### What you should do
In the entries below, find each line with the word "good" and pull it out.

── Material for this exercise ──

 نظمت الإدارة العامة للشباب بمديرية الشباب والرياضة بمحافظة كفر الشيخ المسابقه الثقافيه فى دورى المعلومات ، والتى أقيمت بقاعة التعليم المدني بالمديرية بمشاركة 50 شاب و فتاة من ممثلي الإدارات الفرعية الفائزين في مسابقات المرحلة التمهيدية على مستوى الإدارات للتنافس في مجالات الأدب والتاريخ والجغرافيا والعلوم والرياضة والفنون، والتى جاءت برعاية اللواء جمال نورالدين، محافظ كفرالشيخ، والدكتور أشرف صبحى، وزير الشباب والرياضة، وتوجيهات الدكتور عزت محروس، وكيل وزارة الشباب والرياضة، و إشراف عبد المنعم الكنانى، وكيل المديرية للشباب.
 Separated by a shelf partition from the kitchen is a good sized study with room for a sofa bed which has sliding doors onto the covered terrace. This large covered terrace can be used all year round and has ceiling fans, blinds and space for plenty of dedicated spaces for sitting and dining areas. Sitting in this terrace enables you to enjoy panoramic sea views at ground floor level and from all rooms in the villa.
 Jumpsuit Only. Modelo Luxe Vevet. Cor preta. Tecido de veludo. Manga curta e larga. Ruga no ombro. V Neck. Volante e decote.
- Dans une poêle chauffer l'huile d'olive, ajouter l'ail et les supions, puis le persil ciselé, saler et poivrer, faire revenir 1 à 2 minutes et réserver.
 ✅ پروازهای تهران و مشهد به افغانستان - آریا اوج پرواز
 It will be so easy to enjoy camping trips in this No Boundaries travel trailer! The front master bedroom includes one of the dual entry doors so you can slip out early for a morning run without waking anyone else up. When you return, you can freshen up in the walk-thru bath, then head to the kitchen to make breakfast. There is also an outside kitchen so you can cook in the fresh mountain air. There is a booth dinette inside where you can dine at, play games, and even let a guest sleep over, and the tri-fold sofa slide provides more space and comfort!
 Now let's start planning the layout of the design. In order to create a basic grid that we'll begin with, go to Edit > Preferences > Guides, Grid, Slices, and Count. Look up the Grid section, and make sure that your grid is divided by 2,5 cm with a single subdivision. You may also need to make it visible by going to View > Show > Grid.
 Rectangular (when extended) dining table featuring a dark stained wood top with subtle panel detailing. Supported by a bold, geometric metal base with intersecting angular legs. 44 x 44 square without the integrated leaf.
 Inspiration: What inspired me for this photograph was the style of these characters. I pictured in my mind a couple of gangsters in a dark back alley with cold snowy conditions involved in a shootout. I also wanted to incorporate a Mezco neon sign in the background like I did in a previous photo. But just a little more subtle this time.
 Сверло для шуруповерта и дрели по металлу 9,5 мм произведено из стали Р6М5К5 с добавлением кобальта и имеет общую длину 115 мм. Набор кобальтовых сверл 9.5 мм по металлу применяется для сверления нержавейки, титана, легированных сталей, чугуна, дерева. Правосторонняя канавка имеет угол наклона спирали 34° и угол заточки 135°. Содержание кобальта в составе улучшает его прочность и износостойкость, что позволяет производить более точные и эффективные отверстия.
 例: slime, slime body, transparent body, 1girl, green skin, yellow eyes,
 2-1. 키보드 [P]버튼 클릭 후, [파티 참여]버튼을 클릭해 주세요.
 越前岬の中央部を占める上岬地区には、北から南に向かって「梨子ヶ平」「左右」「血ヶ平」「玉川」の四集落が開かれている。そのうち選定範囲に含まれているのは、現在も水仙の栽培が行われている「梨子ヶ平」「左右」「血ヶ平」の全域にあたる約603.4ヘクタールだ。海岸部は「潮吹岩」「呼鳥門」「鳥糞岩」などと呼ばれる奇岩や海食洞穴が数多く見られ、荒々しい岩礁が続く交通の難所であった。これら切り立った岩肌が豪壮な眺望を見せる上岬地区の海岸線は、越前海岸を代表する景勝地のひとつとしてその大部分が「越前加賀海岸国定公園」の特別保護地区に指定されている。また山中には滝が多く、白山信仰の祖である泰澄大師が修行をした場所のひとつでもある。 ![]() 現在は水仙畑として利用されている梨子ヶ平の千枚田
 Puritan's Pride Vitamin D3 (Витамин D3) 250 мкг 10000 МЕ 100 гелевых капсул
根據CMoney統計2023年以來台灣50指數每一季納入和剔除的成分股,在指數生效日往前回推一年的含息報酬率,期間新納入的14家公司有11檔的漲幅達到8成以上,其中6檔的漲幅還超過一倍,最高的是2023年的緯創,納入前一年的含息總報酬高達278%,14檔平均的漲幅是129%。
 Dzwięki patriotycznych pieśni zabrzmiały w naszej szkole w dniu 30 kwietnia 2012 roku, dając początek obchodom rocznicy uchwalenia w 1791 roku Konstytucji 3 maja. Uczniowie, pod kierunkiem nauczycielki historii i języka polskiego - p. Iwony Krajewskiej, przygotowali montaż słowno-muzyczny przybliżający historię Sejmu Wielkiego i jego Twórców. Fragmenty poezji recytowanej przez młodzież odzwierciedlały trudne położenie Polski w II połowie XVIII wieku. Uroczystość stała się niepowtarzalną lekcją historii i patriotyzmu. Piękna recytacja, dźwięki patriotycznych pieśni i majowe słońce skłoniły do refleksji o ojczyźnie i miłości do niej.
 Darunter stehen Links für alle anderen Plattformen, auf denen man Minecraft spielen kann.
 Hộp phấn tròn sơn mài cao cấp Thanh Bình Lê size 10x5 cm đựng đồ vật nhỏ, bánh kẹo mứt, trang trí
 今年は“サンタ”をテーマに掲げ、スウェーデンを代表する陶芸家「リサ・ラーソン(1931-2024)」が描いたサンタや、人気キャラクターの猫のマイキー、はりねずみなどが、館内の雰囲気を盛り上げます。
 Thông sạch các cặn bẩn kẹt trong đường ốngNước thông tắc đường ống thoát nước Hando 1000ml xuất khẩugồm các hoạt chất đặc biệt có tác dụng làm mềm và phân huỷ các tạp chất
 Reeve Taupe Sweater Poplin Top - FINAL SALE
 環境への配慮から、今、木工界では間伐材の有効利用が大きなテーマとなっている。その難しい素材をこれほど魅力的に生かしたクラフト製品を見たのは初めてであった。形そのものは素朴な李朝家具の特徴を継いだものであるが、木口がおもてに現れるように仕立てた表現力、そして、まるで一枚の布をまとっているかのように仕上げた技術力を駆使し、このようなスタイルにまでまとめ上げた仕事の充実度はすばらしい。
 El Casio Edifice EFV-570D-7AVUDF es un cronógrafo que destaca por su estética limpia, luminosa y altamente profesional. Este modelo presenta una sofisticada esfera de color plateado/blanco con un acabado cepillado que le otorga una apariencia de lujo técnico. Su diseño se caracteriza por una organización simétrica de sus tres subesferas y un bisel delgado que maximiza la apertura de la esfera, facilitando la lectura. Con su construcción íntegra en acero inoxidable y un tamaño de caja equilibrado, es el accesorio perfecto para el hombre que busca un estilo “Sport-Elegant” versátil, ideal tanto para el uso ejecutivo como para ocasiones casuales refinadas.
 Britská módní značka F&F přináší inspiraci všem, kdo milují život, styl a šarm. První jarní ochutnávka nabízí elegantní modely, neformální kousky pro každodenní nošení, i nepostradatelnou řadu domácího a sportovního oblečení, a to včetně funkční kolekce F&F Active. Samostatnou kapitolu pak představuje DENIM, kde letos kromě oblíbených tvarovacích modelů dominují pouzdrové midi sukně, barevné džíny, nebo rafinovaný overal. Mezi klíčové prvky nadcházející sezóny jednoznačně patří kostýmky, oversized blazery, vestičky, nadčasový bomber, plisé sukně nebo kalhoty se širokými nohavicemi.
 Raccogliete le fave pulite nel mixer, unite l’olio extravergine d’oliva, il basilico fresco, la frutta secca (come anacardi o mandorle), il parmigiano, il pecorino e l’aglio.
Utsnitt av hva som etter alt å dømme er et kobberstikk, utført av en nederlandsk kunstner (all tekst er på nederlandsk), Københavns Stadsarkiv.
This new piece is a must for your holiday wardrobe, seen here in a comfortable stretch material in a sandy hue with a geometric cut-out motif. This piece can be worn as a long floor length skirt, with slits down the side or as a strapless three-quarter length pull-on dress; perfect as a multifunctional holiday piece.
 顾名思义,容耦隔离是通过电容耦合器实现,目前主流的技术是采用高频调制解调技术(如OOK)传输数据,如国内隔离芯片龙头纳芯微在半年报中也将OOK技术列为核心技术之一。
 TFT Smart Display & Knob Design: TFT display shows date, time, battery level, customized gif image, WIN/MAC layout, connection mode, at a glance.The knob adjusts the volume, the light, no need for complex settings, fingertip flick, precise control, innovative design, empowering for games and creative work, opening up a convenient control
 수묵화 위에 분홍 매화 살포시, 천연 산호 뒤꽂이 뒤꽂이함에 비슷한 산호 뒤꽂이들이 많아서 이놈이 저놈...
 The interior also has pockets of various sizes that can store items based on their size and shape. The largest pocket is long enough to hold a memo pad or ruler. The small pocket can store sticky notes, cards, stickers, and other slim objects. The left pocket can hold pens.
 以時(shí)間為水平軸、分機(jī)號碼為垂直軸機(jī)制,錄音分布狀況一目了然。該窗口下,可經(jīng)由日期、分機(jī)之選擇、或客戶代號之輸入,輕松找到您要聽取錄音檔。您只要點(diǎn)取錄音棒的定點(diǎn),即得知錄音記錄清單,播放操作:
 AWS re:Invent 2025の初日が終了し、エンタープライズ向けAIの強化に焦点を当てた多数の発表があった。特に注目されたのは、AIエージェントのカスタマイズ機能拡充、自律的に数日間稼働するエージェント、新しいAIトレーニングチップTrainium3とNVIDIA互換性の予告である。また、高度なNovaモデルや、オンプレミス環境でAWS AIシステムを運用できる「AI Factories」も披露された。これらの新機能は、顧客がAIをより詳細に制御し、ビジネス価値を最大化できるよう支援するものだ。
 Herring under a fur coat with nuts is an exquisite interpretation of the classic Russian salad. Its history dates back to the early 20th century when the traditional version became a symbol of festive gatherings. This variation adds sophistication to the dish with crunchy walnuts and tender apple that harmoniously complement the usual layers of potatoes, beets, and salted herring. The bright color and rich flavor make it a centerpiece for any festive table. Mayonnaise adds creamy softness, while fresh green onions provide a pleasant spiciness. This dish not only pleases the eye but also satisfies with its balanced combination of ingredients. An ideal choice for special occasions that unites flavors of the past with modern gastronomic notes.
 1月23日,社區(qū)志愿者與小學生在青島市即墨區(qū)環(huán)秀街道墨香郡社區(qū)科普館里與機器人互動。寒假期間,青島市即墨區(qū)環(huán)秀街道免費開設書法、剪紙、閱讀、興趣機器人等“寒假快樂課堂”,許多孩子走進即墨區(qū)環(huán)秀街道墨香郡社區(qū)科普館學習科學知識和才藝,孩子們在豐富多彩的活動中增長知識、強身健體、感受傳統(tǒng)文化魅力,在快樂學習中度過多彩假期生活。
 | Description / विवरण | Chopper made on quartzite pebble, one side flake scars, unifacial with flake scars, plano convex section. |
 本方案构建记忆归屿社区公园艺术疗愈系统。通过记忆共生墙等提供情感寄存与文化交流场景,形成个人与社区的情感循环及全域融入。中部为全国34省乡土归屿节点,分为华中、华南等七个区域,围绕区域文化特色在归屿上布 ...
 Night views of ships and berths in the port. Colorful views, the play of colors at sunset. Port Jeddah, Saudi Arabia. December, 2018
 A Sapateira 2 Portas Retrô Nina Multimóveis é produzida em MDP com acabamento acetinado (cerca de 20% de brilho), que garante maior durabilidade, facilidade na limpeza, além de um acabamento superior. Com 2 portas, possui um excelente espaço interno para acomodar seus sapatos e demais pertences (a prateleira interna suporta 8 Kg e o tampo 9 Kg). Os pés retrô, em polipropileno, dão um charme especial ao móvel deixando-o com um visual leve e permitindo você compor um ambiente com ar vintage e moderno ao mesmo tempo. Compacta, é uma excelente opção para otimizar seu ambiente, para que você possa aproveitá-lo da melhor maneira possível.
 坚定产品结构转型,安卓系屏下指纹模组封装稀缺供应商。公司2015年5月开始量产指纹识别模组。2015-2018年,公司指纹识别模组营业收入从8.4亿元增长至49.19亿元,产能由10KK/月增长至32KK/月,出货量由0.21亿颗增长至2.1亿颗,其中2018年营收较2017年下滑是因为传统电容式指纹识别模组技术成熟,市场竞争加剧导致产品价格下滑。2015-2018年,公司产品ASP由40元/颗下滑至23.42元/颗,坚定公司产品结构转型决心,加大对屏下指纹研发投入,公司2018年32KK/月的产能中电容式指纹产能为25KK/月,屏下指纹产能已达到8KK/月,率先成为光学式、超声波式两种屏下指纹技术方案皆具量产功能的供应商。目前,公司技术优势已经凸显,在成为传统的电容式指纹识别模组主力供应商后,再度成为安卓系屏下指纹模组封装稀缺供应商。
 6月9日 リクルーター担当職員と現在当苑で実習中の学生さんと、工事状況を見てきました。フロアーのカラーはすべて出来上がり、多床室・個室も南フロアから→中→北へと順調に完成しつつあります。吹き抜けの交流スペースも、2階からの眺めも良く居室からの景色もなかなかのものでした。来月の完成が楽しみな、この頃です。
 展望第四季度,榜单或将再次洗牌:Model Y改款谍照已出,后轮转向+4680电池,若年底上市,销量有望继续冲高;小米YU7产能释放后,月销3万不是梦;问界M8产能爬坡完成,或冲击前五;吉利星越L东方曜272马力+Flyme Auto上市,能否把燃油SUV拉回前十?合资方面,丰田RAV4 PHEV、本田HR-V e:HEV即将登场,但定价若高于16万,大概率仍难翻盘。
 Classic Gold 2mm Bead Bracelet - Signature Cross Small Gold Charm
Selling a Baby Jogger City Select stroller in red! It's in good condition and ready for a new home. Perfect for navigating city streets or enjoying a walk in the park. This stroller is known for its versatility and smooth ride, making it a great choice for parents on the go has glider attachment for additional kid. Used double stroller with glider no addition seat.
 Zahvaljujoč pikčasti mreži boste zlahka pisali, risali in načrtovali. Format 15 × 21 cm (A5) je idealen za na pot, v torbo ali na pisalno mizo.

───

### Answer section
 Separated by a shelf partition from the kitchen is a good sized study with room for a sofa bed which has sliding doors onto the covered terrace. This large covered terrace can be used all year round and has ceiling fans, blinds and space for plenty of dedicated spaces for sitting and dining areas. Sitting in this terrace enables you to enjoy panoramic sea views at ground floor level and from all rooms in the villa.
Selling a Baby Jogger City Select stroller in red! It's in good condition and ready for a new home. Perfect for navigating city streets or enjoying a walk in the park. This stroller is known for its versatility and smooth ride, making it a great choice for parents on the go has glider attachment for additional kid. Used double stroller with glider no addition seat.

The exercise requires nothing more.